Pluralisme religieux : la convivialité est-elle possible?
Le pluralisme religieux : une convivialité possible? Cette question a fait l’objet d’une journée d’étude organisée par le Centre Justice et foi (CJF) et le Centre d’études ethniques des universités montréalaises (CÉETUM).
Le pluralisme religieux : une convivialité possible? Cette question a fait l’objet d’une journée d’étude organisée par le Centre Justice et foi (CJF) et le Centre d’études ethniques des universités montréalaises (CÉETUM). Deux thèmes y étaient traités : les croyants au Québec et le rôle des groupes religieux dans l’intégration des immigrants. Pour la majorité catholique notamment, il devient indispensable de bien connaître la réalité socioreligieuse actuelle afin de contribuer activement à la qualité du vivre-ensemble au Québec. C’est du moins ce qu’a estimé le CJF en organisant cette journée. Des chercheurs du Groupe de recherche en diversité urbaine (GRDU) y ont présenté le résultat d’observations recueillies auprès de 155 groupes religieux issus de Montréal et d’autres régions. Composés d’immigrants ou de natifs, ces groupes représentent l’éventail des religions présentes ici. À l’automne, le bulletin Vivre ensemble (CJF) fera paraître le texte des conférences, et les rapports préliminaires de cette recherche ethnographique sont disponibles en ligne1.
La religion serait source de problèmes entre la majorité – naguère catholique, mais aujourd’hui distanciée de l’institution ecclésiale et réclamant la laïcité – et les immigrants, exigeant sans cesse des « accommodements » religieux. Les données de la recherche invitent à plus de nuances! On y décèle, de fait, une sorte d’« invisibilité du religieux » au Québec. Parmi les Québécois « de souche » se trouvent des catholiques pratiquants actifs. Cependant, plusieurs préfèrent plutôt parler de spiritualité et adopter des trajectoires spirituelles individuelles. Certains puisent à diverses sources religieuses tout en maintenant un imaginaire religieux chrétien. D’autres se disent « sans religion », alors qu’ils sont plutôt sans affiliation religieuse fixe. Un bon nombre demeurent croyants, en quête d’une expérience subjective de la transcendance. Difficilement dénombrable en raison de pratiques communautaires aléatoires ou inexistantes, ils sont « invisibles ».
Il y a 800 lieux de culte répertoriés à Montréal et les immigrants – majoritairement catholiques – sont considérés plus pratiquants que la population locale. Malgré cela, le religieux est également « invisible » parmi eux. En effet, plusieurs se montrent discrets quant à leur appartenance religieuse, ne fréquentent pas de lieux de culte, s’en tiennent à des pratiques privées ou n’ont pas de lieux de rassemblement. Les chercheurs estiment que la diversité religieuse est autant le fait de la majorité sociale que celui des immigrants et qu’il y aurait une « majorité silencieuse » de croyants au Québec.
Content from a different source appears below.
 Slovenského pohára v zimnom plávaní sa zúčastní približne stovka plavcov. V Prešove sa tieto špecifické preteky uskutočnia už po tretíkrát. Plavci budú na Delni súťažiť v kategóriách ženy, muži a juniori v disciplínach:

Le discours sur la religion ou la spiritualité comme facteur de guérison et de santé se trouve dans tous les groupes religieux à cause du sens qu’il donne aux difficultés de la vie. L’engagement communautaire pour combattre les inégalités sociales sert aussi de dénominateur commun entre groupes religieux et un certain niveau de confiance réciproque alimente la convivialité intragroupe et intergroupe. La mixité culturelle se retrouve partout, de sorte qu’au Québec, on vit une forme de cosmopolitisme religieux fait d’ouverture, sans pour autant mener à des conversions. Par ailleurs, les groupes religieux d’immigrants jouent un rôle essentiel dans l’insertion sociale de
leurs membres par la variété des ressources et des services offerts. Ils servent de médiateurs efficaces entre la société d’accueil et les nouveaux arrivants. L’environnement québécois est assez favorable aux religiosités des immigrants qui, pour la plupart, cherchent à adapter leurs pratiques à leur nouveau contexte de vie.
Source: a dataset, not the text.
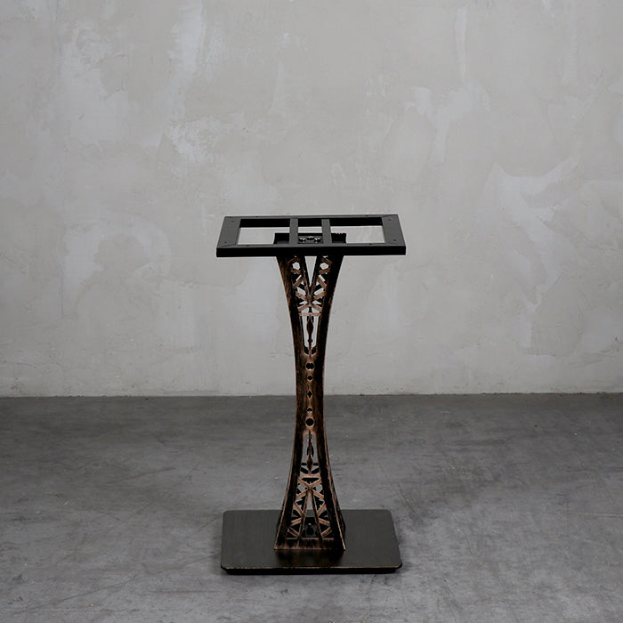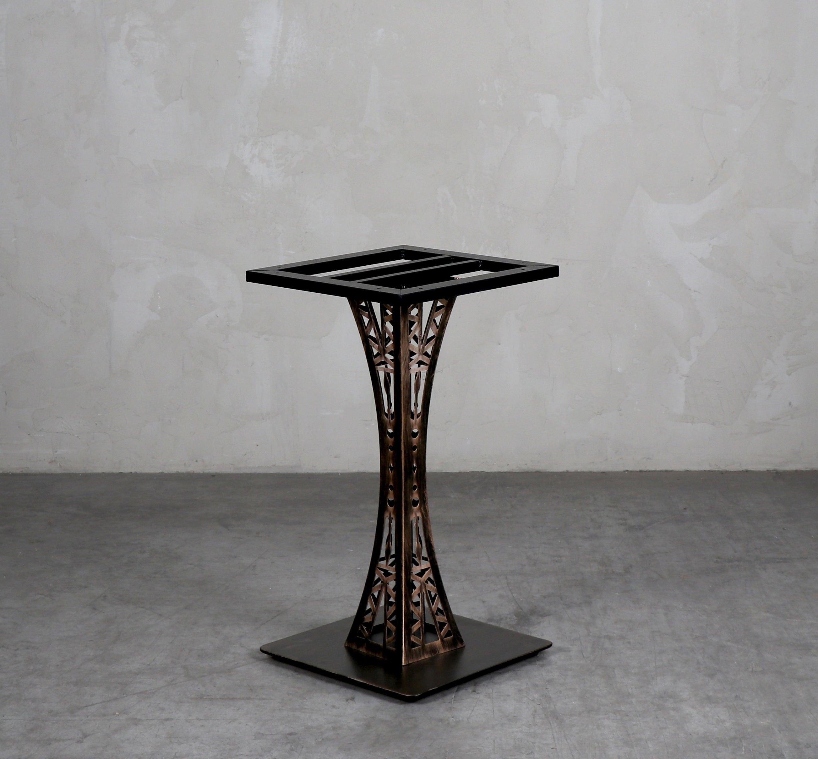 Base para mesa con estructura metálica color bronce envejecido. Medidas: base: 40 x 40 cm / tubo: 69 cm / base cubierta: 40 x 40 cm / altura: 72 cms.

Les tensions avec la société d’accueil surgissent davantage des rapports familiaux entre la première et la deuxième génération, les jeunes préconisant l’abandon de la langue d’origine et l’adoption des pratiques culturelles d’ici. L’autre source de tensions pour les immigrants croyants et pratiquants réside dans la confrontation de modèles familiaux contraires à leurs prescriptions religieuses (mariage, rôle de l’homme et de la femme, autorité parentale, etc.).
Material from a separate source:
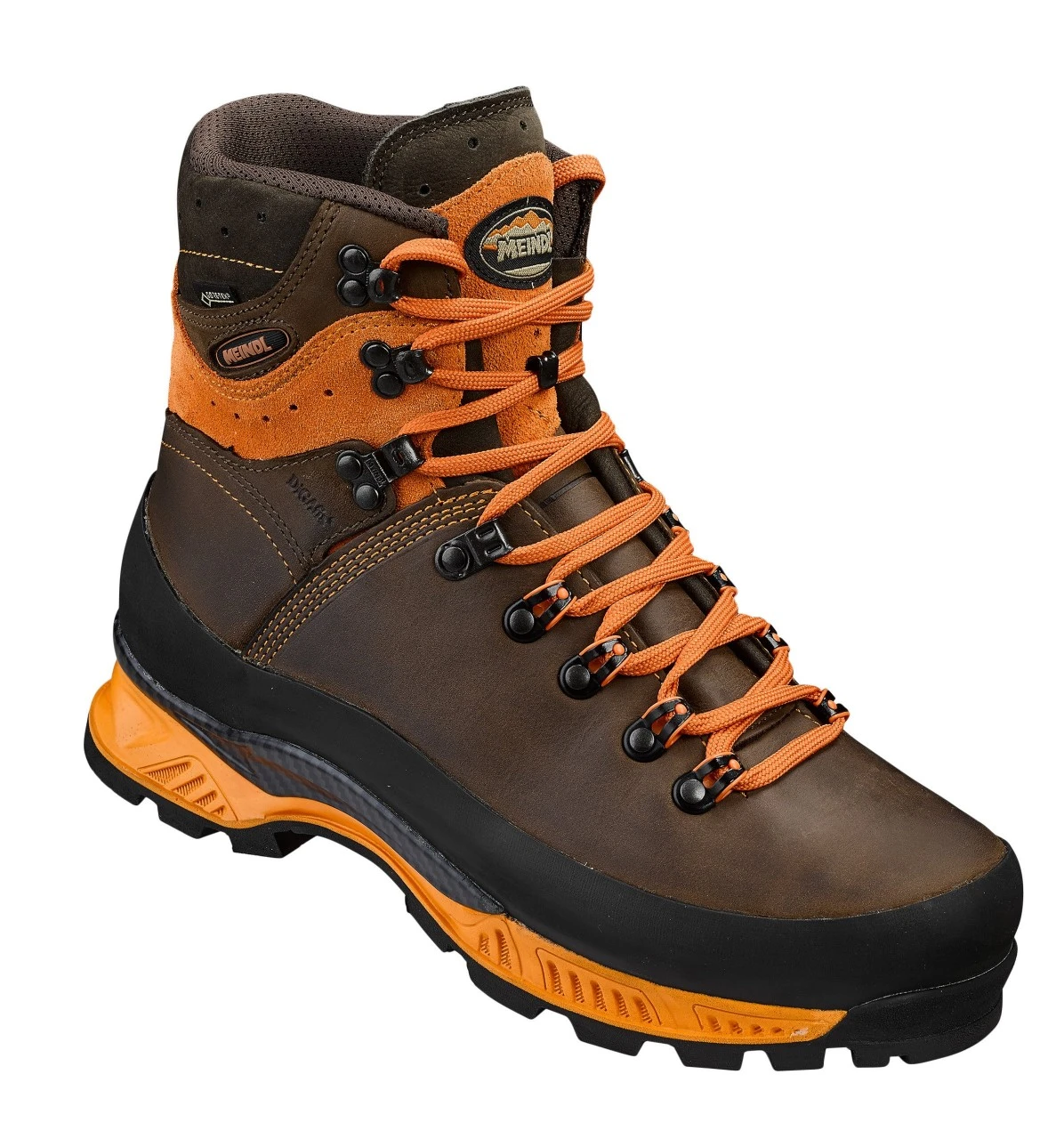 Jagtskoen er lavet af Sil-nubuck med Gore-Tex-for, MFSystem og DiGAfix-system. Den todelte sål med topmoderne profilteknologi er specielt designet til ekstreme terrænforhold. Den har blød, orange gummi med metalpartikler indvendigt, med ekstra godt greb, som står sikkert fast på glatte gulve og træoverflader, samt en stærk profil, der forhindrer, at den glider sidelæns, når man går. På ydersiden har sålen på Meindl Island MFS Active Rock en godt gribende, slidbestandig gummi med bevægelige lameller. Den markante sål giver god støtte og forhindrer, at man glider på glatte eller overisede hochsitz-stiger.

Sans vouloir gommer les tensions existantes, on peut affirmer que la convivialité religieuse est ici possible. La recherche invalide l’idée que les différences religieuses sont nécessairement source de conflits et de ghettoïsation. La religion peut être vue comme facteur de rapprochement interculturel. L’engagement pour la justice et pour des causes humanitaires est le mode d’interaction à privilégier pour favoriser la connaissance mutuelle et un vivre-ensemble harmonieux entre groupes religieux.